S 4742
A bill to authorize certain labor market data collection activities and to improve Federal measurement of the workforce impacts of artificial intelligence, and for other purposes.
Informational. No immediate compliance impact.
TL;DR
Senator Mark Kelly (D-AZ) introduced this bill to authorize federal labor market data collection focused on how AI is reshaping the American workforce. It directs federal agencies to measure AI's impact on jobs, wages, and worker displacement, but does not impose any compliance requirements on private businesses.
How This Might Impact Your Business
No direct compliance obligations for private employers; the bill funds government data collection, not corporate reporting mandates.
Federal agencies (likely BLS and Department of Labor) would gain authority to track AI-driven workforce changes, including job displacement and skills shifts.
Companies deploying AI in operations (especially in customer service, logistics, manufacturing, and white-collar professional services) may be asked to participate in voluntary surveys about AI adoption.
Findings will likely inform future legislation on worker retraining, unemployment insurance, and potentially AI labor regulations, so today's data shapes tomorrow's rules.
HR and workforce planning teams should expect more granular public data on AI's labor impacts within 2-3 years of passage, useful for benchmarking.

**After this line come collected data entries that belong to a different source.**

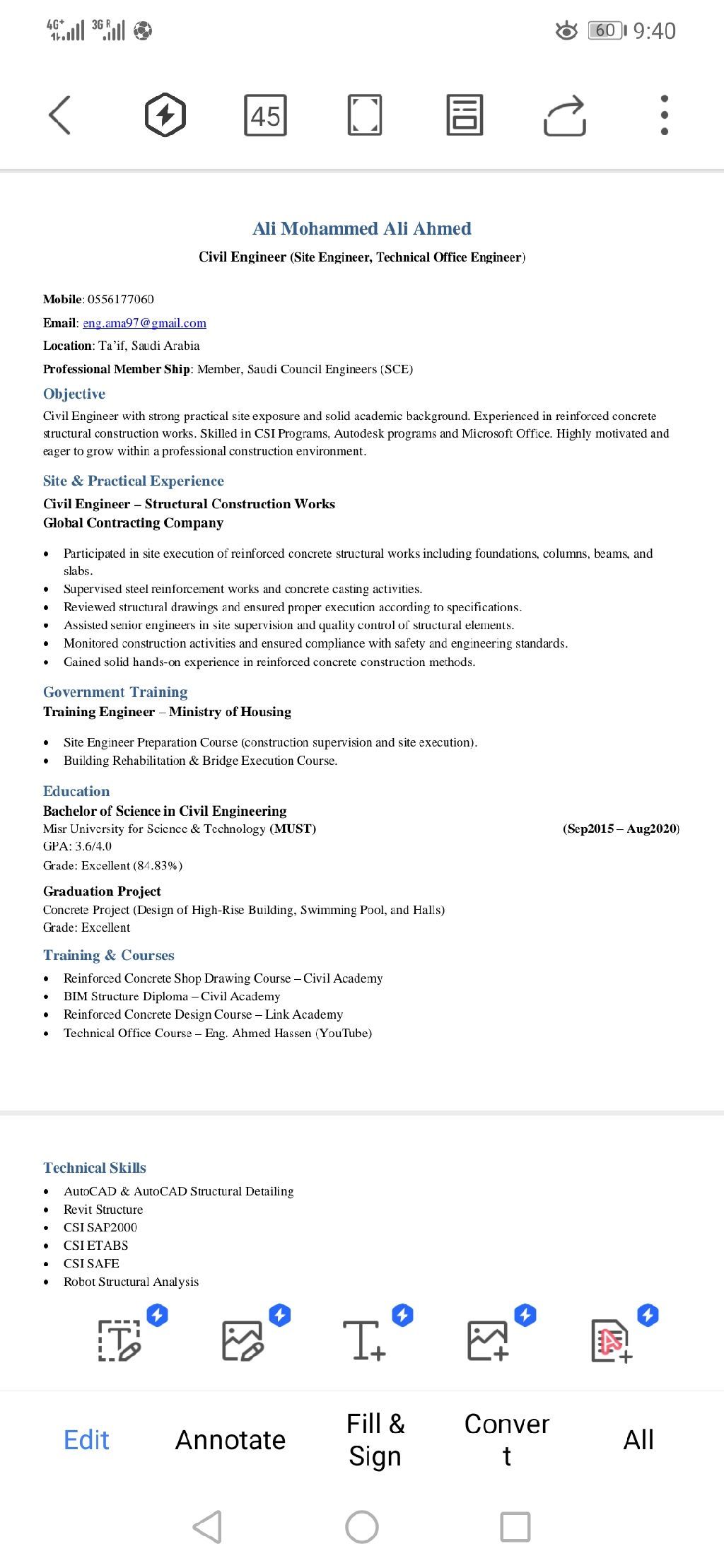 مهندس مدني خبرة 5 سنوات موقع ومكتب فني (برامج الأوفيس والكاد والريفيت وجميع برامج المكتب الفني) وما يشمله من حصر أعمال وعمل لوحات تنفيذية بالاضافة لدورات تصميم انشائي وبرامج التصميم، لغة انجليزية فوق المتوسط، ومهارات تواصل ممتازة لادارة الأعمال والتاسكات، متواجد في السعودية إقامة سارية، اشتراك الهيئة السعودية للمهندسين، جاهز للانضمام الفوري مقاولات أو مكاتب استشارية. للتواصل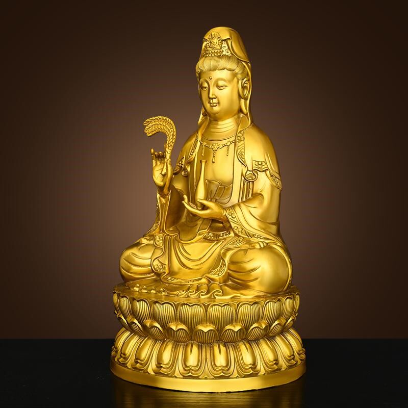 黄铜观音菩萨家用佛堂供奉柳枝观音坐莲花净瓶观世音菩萨像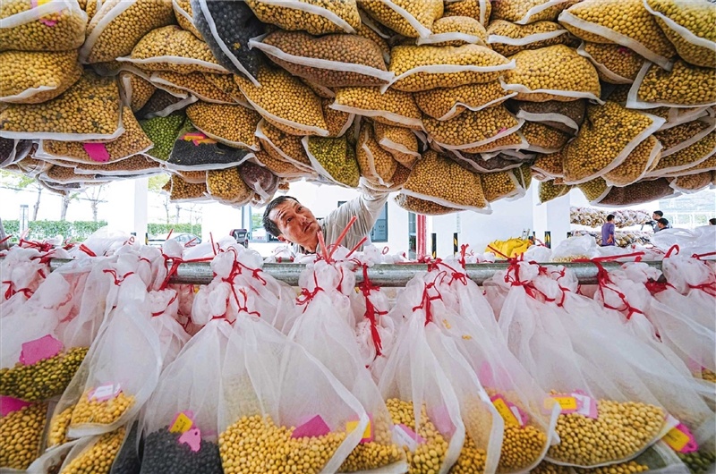 2024年2月28日,三亚市崖州湾科技城南繁服务站,工作人员对大豆品种进行分类打包。王程龙 摄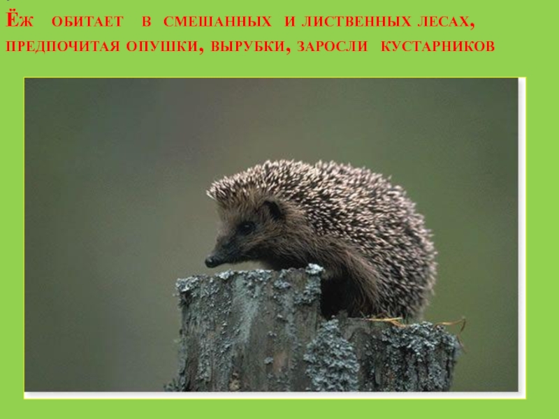 Слайд 3 . Ёж обитает в смешанных и лиственных лесах, предпочитая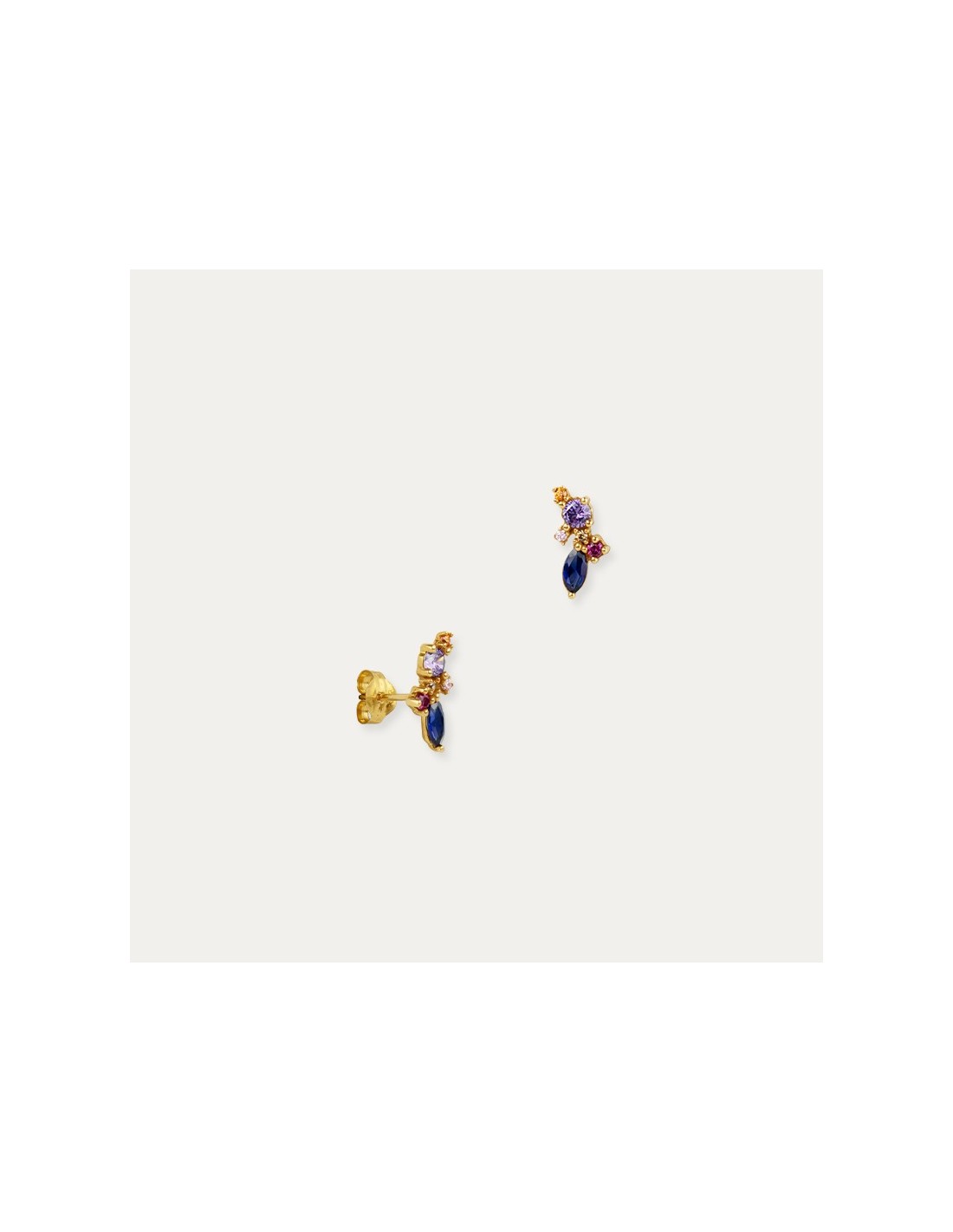 Pareja de pendientes con varias piedras de color en una disposición vertical, fabricados en Oro de 9 kilates y con un cierre de presión muy cómodo.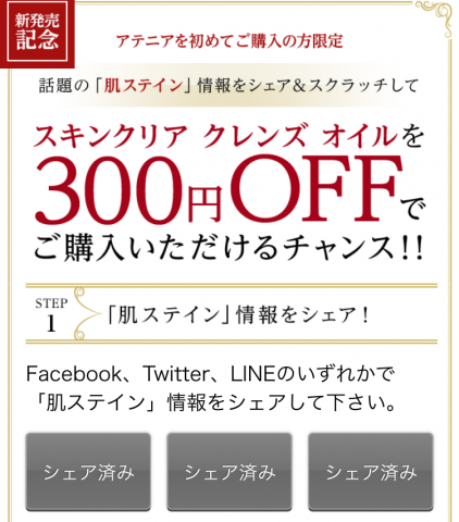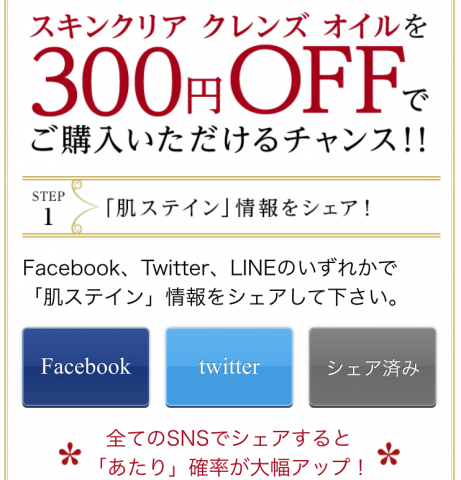 キャンペーンのルールによると、このシェアボタンを使って、スキンクリアクレンズオイルについてシェアしてからスクラッチすると、あたりの300円OFFが出やすくなるということになっています。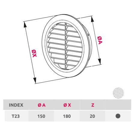 Awenta T23 kerek fali rács, rovarhálóval, fehér színben NA150
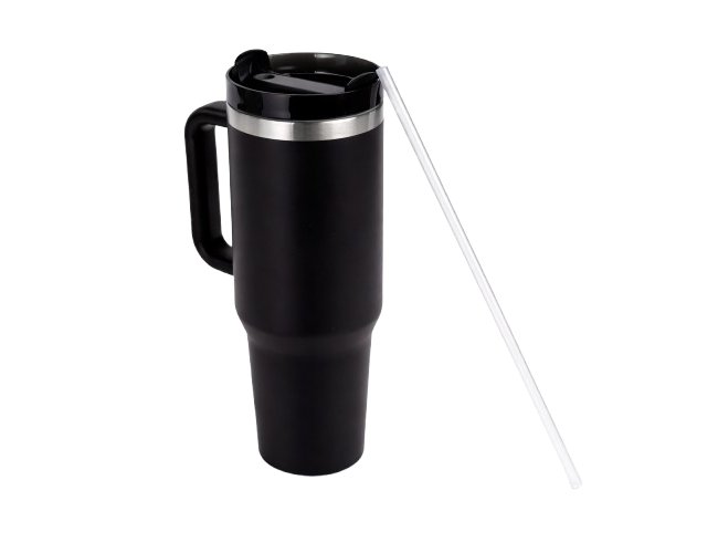 Caneca térmica com capacidade para até 1,2 litro. Conserva a temperatura de líquidos por mais tempo através da sua estrutura de parede dupla composta por camada interna em inox 304 e externa em inox 201 com pintura eletrostática. Conta com tampa rosqueável em plástico polipropileno (PP) com abertura superior giratória e acesso para canudo. Acompanha canudo plástico.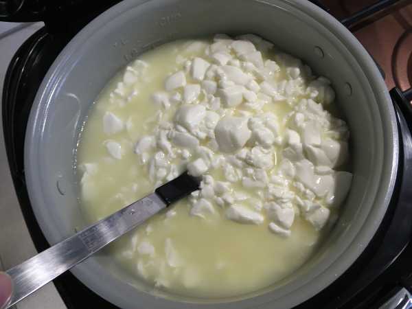 1. Налейте в кастрюлю молоко и опустите в него измельченный творог. Поставьте на средний огонь, размешайте и доведите до кипения. Постоянно помешивая, варите 15 минут.
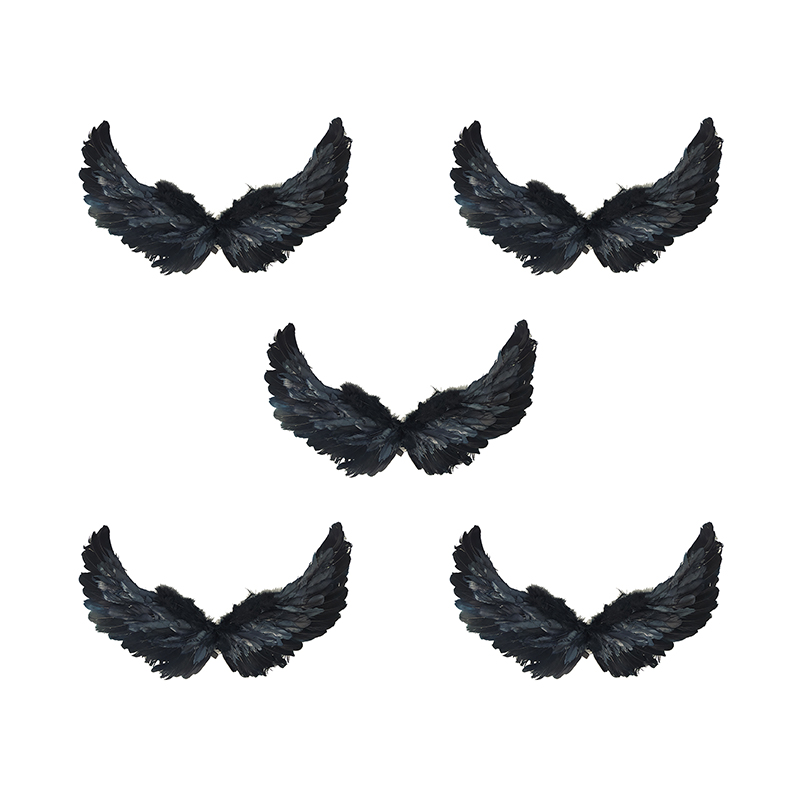 Крылья ангела черные перьевые карнавальные большие 60х35см, на Хэллоуин и Новый год (5 пар в наборе)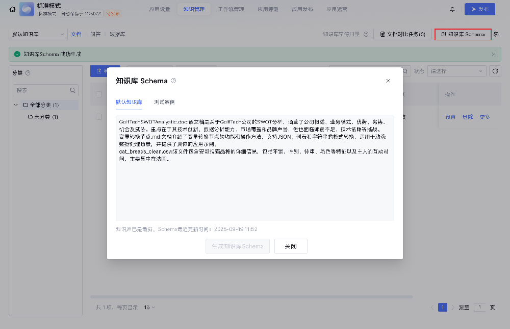 知识库检索 Agent 的运行依赖于知识库 Schema。单击应用 > 知识管理,手动点击知识库 Schema。生成 Schema 后,可分别查看各知识库的 Schema 信息。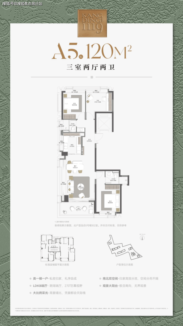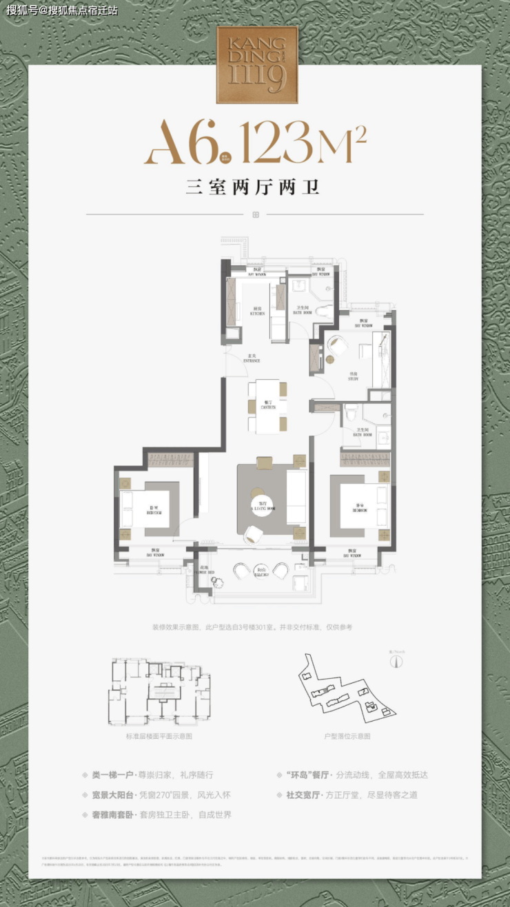 最重要的是,康定壹拾玖这建面约177㎡4房不仅仅是方正,更是飞机户型,三开间朝南+南北通透+无走道的浪费,整个户型相当正气。

Bill is currently in the Senate HELP Committee with no hearing scheduled, signaling early-stage status with uncertain passage prospects.
No penalties, deadlines, or exemptions are established because the bill does not regulate business conduct.
What Should You Do
Assign someone in government affairs or HR to track this bill through the Senate HELP Committee; it could become a vehicle for broader AI workforce policy.
Begin internally documenting how AI deployments are affecting your workforce (roles eliminated, created, or transformed) since this data will become a baseline if federal reporting expands.
Brief your workforce planning team that richer federal AI labor data is coming, which can sharpen retraining and hiring strategies.
Watch for follow-on legislation: bills like this often precede mandatory employer reporting requirements within 3-5 years.
Who It Affects
Sponsors
Status Timeline
committee
Read twice and referred to the Committee on Health, Education, Labor, and Pensions.
June 10, 2026
AI-generated analysis for informational purposes only. Not legal advice. Always consult a qualified attorney for legal guidance.